Utah highway boss: 1 in 8 users using express lane illegally
Carpool express lanes are carrying about twice as many passengers as regular freeway lanes in Utah, with traffic moving 5 to 6 mph faster with fewer accidents.
At the same time, about one of every eight vehicles traveling in the express lanes is doing so illegally.
That's according to an annual report on the high occupancy vehicle lanes, given to legislators Wednesday by the Utah Department of Transportation.
Utah has 62 miles of such lanes on Interstate 15 along the Wasatch Front and is about to add 10 more miles in Davis County. That is the longest stretch of express lanes in the country, said UDOT Executive Director Carlos Braceras.
"The express lanes are moving almost twice as many people as general-purpose lanes," about 3,600 per hour compared to 1,900, Braceras said. That is mostly because cars in the carpool lane carry more passengers.
Braceras said surveys show about 12 percent of cars there are violators, down about 1 percent from last year after some enforcement blitzes by the Utah Highway Patrol.

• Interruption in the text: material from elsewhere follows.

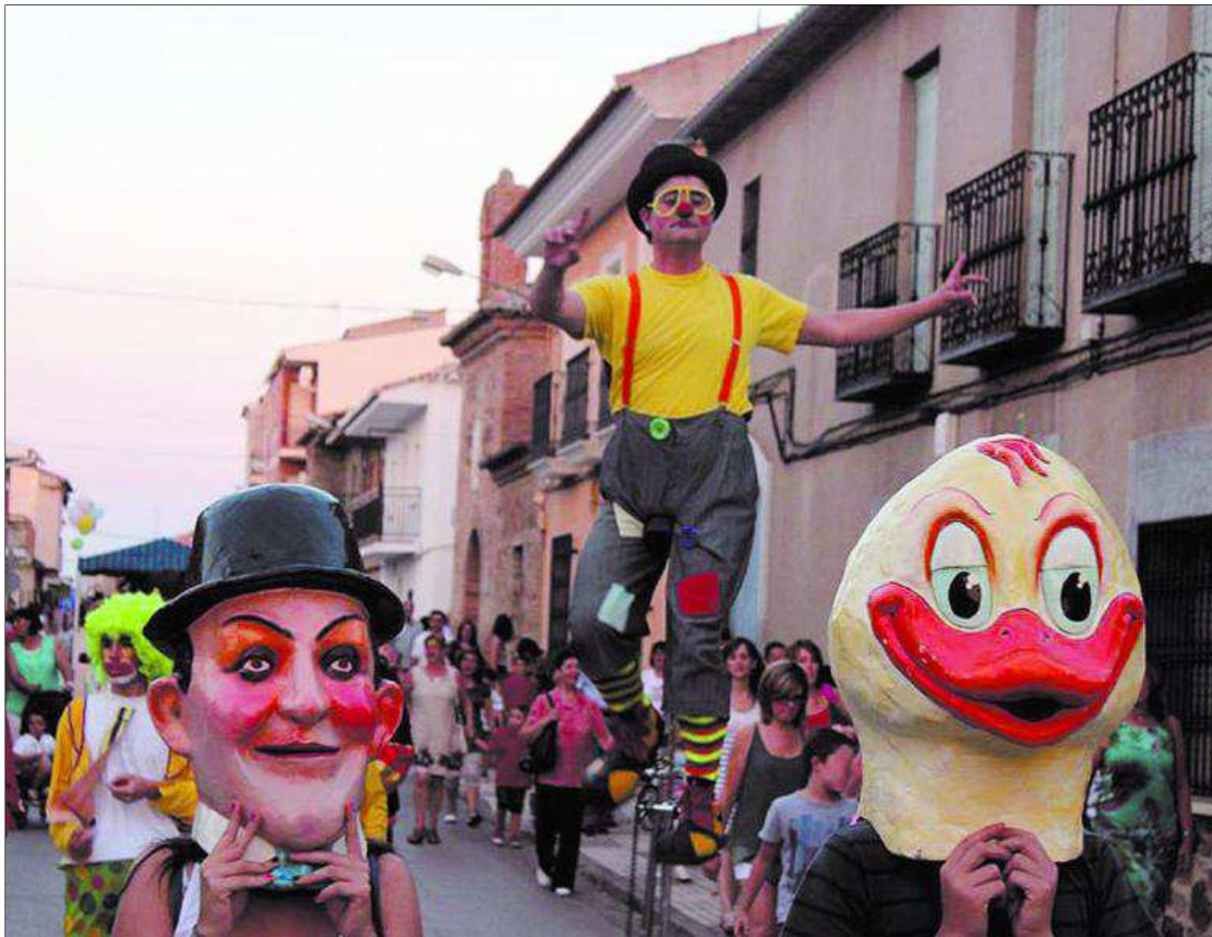
Desfile de gigantes y cabezudos de la Feria y fiestas de 2014.

Carpools account for 63 percent of vehicles in the lanes. Braceras said the 5 to 6 mph faster speeds there help encourage carpools.
Another 19 percent of cars in the express lanes are single-passenger vehicles paying tolls. Another 4 percent are clean-fuel vehicles, which may use the lanes for free. And 2 percent are buses or motorcycles, also allowed toll-free.
Express lanes carry 10.3 percent of all traffic but have only 6.2 percent of the crashes. The improved safety record is because cars move in and out of express lanes less often than other lanes and also have no traffic to their left, Braceras said.
Braceras said It costs Utah $840,000 to operate a toll system with electronic transponders to allow single-car drivers to use the carpool lanes, and the system brings in only $672,000 in revenue.
Braceras said UDOT is working with the contractor that operates the transponders to try to close that funding gap.